# Another New Micro - Kangaroo Island Sa



## mikem108 (27/4/07)

Just got this bottle from a guy at work, haven't tried it yet but there's another micro to add to the list or map


----------



## razz (27/4/07)

Google shows their website but only linked to an email. Good luck to em ! I hope they make loads of money and lots of good beer.


----------



## delboy (27/4/07)

Well all these micro's are now comming out of the woodwork I wish i had the dosh to start one
it seems that the pale ale band wagon seems to be jumped on alot at these though.Must be a Flag ship brew?

del


----------



## Dr Gonzo (27/4/07)

From what i can remember from an article in the local rag over there, the beer was brewed at regency tafe. They are in the process of building their own brewery on the island. I have no idea what stage this is at, or when they will be brewing in their own brewery.

The pale ale apparently is brewed using island grown barley and honey. I'd be interested as to where and how they malted the barley. I was offered some 'malting quality barley' from KI the other day. Might have to get some more info and report back.


----------



## DarkFaerytale (27/4/07)

it would be interesting if they do use the honey from the island as it's the only place in the world where the laguarian (may have spelt incorectly) honey bee exisits and god dam it's good honey, have 3kg sitting at home for a mead. while i was there last year i didn't see hide nor hair of this beer, looks like i just missed out

-Phill


----------



## jayse (10/7/07)

Just had a bit of a go on this beer on the weekend while on kangaroo island for a gig and thought it was quite good.
I have never tried the liguarun bee honey before so not sure on how well that flavour comes through but there was a little honey like character there which I thought was similiar to some honey like characters you get from some pale malts but with something else hard to put you finger on so to speak. Very well balanced and clean beer overall, exceptional balance actually with lovely pale malt character with just the right bitterness and lovely mild hop finish. Finishes a little dry after a couple but starts quite full. Couldn't pick the hop used but it was lovely.
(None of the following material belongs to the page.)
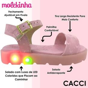 A sandália Molekinha foi desenvolvida para encantar com brilho, conforto e diversão em cada passo. Seu design moderno combina delicadeza e praticidade, trazendo um toque especial com luzes de LED no solado que piscam ao caminhar, tornando os momentos das pequenas ainda mais alegres e cheios de estilo. A palmilha macia garante conforto prolongado, permitindo o uso durante todo o dia sem causar desconfortos.

Theres a phone number on the bottle and I might ring later to find out some info on the barley, hops, yeast etc one day just for curiousty.

When I got off the ferry in pennasaw I drove a few metres and saw a cellacrations bottle shop and thought they must have the beer I'am after (I searched the net for info on the beer before I left but come up with stuff all, what sort of business doesn't have much info on the net? anyway.....)
When i got into the bottle shop there was a few KI beers called hog bay, I thought that looks cool i'll try that aswell but on further inspection it said made by lovely valley brewing company :lol: so i left it right where it was thinking i'am sure dirty dish water would be a better thing to drink than anything brewed by those idiots. And I can ussually drink almost anything but after trying their beers before I thought no way in hell am I gunna satisfy those losers buy buying their beer.

Anyway its well worth trying the KI island brew pale if you come across it, i'd buy a six pack again if i get the chance, it is a microbrew with great drinkablity as in you could drink it all nite long and enjoy it. I'am sure any beer drinker would enjoy it so its not your over the top offensive type of brew or anything just a very nice beer.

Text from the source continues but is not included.